You’ll notice that nowhere in these first steps of building a relationship have I suggested you demand or ask for something. Aside from asking them to connect, you’ve done nothing that takes away from them. All you’ve done is give. You’ve provided them with value. You’ve given them the control, but it’s an illusion of control. Because when you’re cultivating an asset, one of the key ways to bring them to where you need them is to produce a sense of obligation. If they feel like you’ve been such a great friend, then they’ll be more willing (in some cases) to actually want to give you something in return. Most normal people don’t expect their friendships to be one-way streets. That’s exactly what you want them to feel – that it has been to-date, and when you finally ask for something, they’ll be all too willing to provide it.

Bear in mind, this doesn’t work for everyone. Motivations differ from person to person. But it is one technique that works well.

When it comes time to ask for something, do so in a soft-sell manner. Don’t demand. “Well, I’ve given you this-and-this, so give me this.” That’s a turn-off. Craft a nice, complimentary approach that enables you to work in your request without seeming too focused on it. Embed the request rather than focus on it. Bracket it amid other statements, but nothing too distracting. You still want them to see the request. So make sure you don’t ask too many questions in the email or else you’re likely to get everything else answered except what you asked for.

Once you get your first bit of information, you must make sure that you continue the two-way street approach. Don’t keep making demands without giving back. Relationships work in the intelligence community because of this back-and-forth. Usually, it’s a simple arrangement. The asset supplies information and you supply the cash, security, etc. It’s an even exchange. Outside the IC, you have to form a similar relationship. So always be looking to extend value into the relationship. The more demanding the request, the more value you must provide in return. The ratio depends on the target; some people are more giving than others. Some people will be reluctant to part with any information, in which case, you have to reconsider your approach and method of coercion.

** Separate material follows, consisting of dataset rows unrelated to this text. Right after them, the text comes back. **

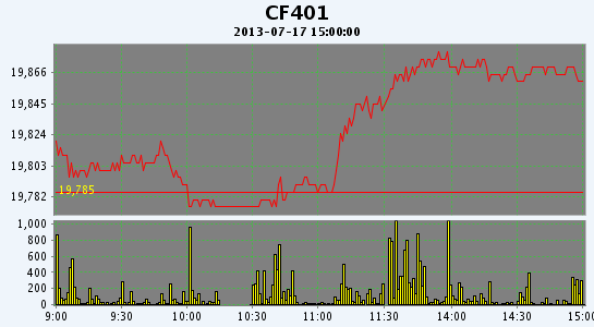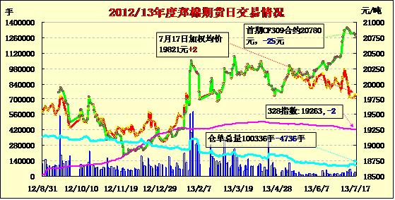 7月17日,鄭棉CF1401合約低開,早盤區(qū)間震蕩,午后在空頭集中回補(bǔ)推動(dòng)下走高,日線形成1/2下影線的陽線,日內(nèi)成交量下降,持倉量減少。CF1309合約日成交544手,日減倉268手,終盤持倉量14758手;CF1401合約日成交30438手,日減倉4468手,終盤持倉量67578手?;久媲闆r:受今年第7號(hào)臺(tái)風(fēng)“蘇力”的影響,安徽池州14日-15日出現(xiàn)明顯降雨,溫度也隨之下降到24-29攝氏度之間,但由于降雨量不大,兩天加起來降雨時(shí)間只在5個(gè)小時(shí)左右,風(fēng)力也只是3-4級(jí)的微風(fēng),沒有對棉花生長產(chǎn)生不利影響,補(bǔ)充了棉田水分。16日當(dāng)?shù)氐奶鞖忾_始放晴,氣溫也隨之增高在27-33攝氏度,對棉花開花成桃非常有利。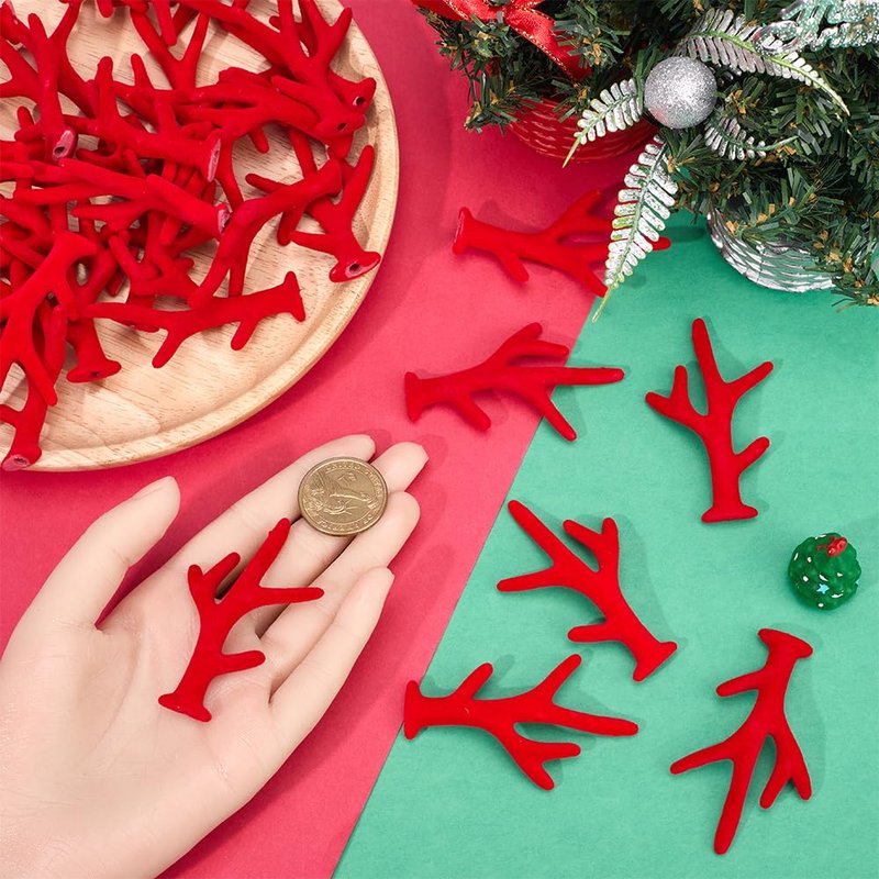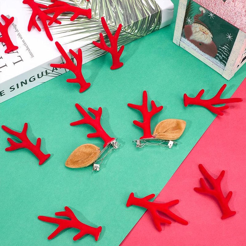 GORGECRAFT 20 Pairs Red Christmas Deer Mini Antlers Embellishments Flocking Deer Antlers Hair Clips Accessories Reindeer Elk Branch Animals Horn Snowman Hand for Headband Snowman Party Ornaments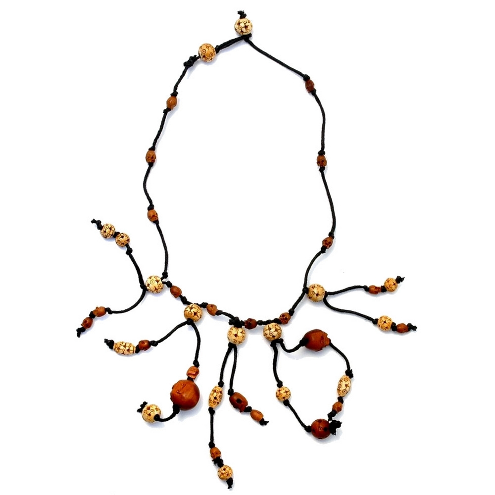 Choker Necklace Fringe Bead With Skulls Made With Bone & Wood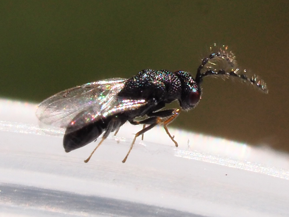 Presumo si tratti di maschio di Eurytoma sp. Molto simile a Eurytoma brunniventris Ratzeburg, 1852 che parassita numerose specie di galle di quercia, compreso Andricus, ma che ancora non è stato rilavato in Italia (?). Non so con sicurezza se si trovava in Andricus quercuscalicis (Burgsdorff, 1783) o in in Andricus aries (Giraud, 1859) Le due galle,infatti, erano contenute nella scatola in cui si è sviluppato l’insetto.

I’ve seen three terrible examples of relationship building in recent days: all of them asked me to do something that would have taken time and potentially cost me money. All three requests came with no real relationship in place prior to the demand. In one case, the emailer asked me to give up names of contacts that I have in the film/TV business – information that has taken me years and cost me money to develop. And this was done after a throwaway line about me being successful selling ebooks on Amazon. No real effort put into the email; no effort made at building a relationship or offering anything of value. You can guess what I did with that email.

The Flip Side: Depending on your circumstances and goals, you might actually invert the tactics outlined in this post in order to get something. Take the example I just outlined in the preceding paragraph. If it turned out that the person who emailed me was someone I needed information from, had something of value to offer in return, etc., then I could very easily offer up that information he wanted and immediately get that person indebted to me – which I would then use to extract what I wanted. This works primarily by putting yourself out there as “bait” that people want to be associated with. So, if you are successful and people know that, they may want to connect with you. It’s the inverse of the relationship you’ve been building over the course of this post.

Take the time to build relationships the proper way and you’ll have a pool of people only too willing to aid you as you pursue your goals. Treat your relationships – your “assets” – like plants. They need water, sunshine, fod, love, and caring in order to flourish. Skimp on those things and they’ll wither and die. You won’t have a network and you won’t be successful.

PS: Remember: this is just ONE way to cultivate an asset. There are many others.